Gabon : le Synamag dénonce une justice punie mais délaissée par l’État
Le Syndicat national des magistrats du Gabon (Synamag) a appelé, ce mercredi 2 septembre 2026, l’ensemble des membres de leur corporation à un réveil face aux accusations tous azimuts qui leur sont faites. Dans ledit communiqué, le Président Landry Abaga Essono dresse un constat amer de l’état de la justice gabonaise. Un secteur prisonnier de l’irresponsabilité de l’État qui aurait des effets néfastes sur le rendement des magistrats.
Dans la presse, il ne se passe plus un jour sans que la justice gabonaise soit pointée du doigt. À l’instar d’un esprit saint, les magistrats spécifiquement, sont cloués au pilori pour leurs actions, leurs inactions et même par intentions. Autrement dit, l’enfer dans le mauvais fonctionnement du pays c’est le magistrat. Las de ce discours dégradant, Landry Abaga Essono appelle l’opinion à disséquer leur secteur d’activité avant de porter tout jugement sur leur présumée inefficacité.
Le Synamag appelle à la réserve dans le jugement !
Le Synamag évoque dans son communiqué d’abord le dénuement matériel des juridictions.
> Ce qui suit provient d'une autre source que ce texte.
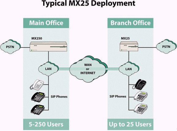 當(dāng)與MX250一起使用時(shí), MX25提供了一種既能將MX250的功能擴(kuò)展至分支機(jī)構(gòu),同時(shí)又可確保該分支機(jī)構(gòu)與PSTN有效連接的低成本的解決方案。遠(yuǎn)程機(jī)構(gòu)的工作人員同樣可以使用語音信箱、自動話務(wù)員、在線狀態(tài)和即時(shí)消息等功能。如同在總部工作一樣這些遠(yuǎn)程機(jī)構(gòu)的工作人員可以與企業(yè)內(nèi)部任意其它地點(diǎn)的人員進(jìn)行溝通,也可以擔(dān)當(dāng)接線員或ACD(自動話務(wù)分配)組成員的工作。
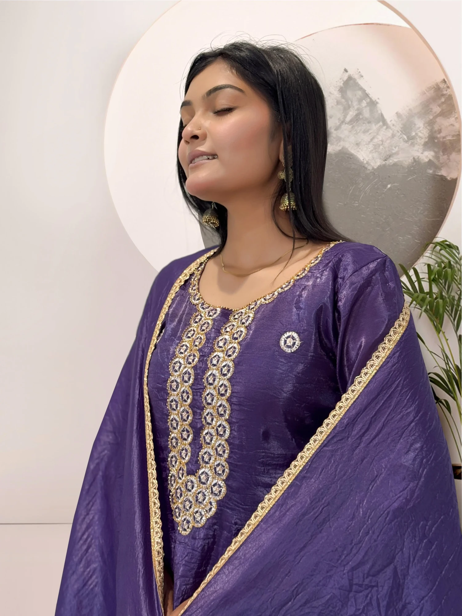 Step into refined elegance with this exclusive designer Chinon suit set, featuring a beautifully embroidered kurti, matching plazzo, and a delicate organza dupatta. Crafted for comfort and style, this fully stitched ensemble is perfect for festive occasions, parties, and cultural celebrations.

Selon Landry Abaga Essono, hormis le palais de justice de Libreville récemment rénové, aucun autre bâtiment judiciaire n’a été modernisé. Et ce, malgré une promesse gouvernementale vieille d’un an. Occasion pour le Président dudit syndicat de s’interroger sur les sanctions prononcées le 25 août par le Conseil de discipline.
L’organe chargé de juger les fautes professionnelles des magistrats auraient prononcé, « certaines peines disproportionnées ». Aussi, le Synamag se dit prêt à accompagner les magistrats radiés devant le Conseil d’État, la plus haute juridiction administrative, pour contester ces décisions. Autre grief, le retard du Conseil supérieur de la magistrature (CSM). Seule instance habilitée à décider des affectations et de la carrière des juges. Un rendez-vous prévu pour juillet 2026 puis reporté sine die.
Une situation à incidence directe sur le logement et la scolarité de leurs enfants qui reprennent les cours dans peu. Autre point non négligeable, le défaut d’adoption des textes d’application du statut des magistrats et le manque de sécurité. L’illustration a été faite par une tentative d’immolation au palais de justice de Libreville et un incident à Mouila. Que dire de la gestion opaque des recettes issues du casier judiciaire et du Greffe du commerce.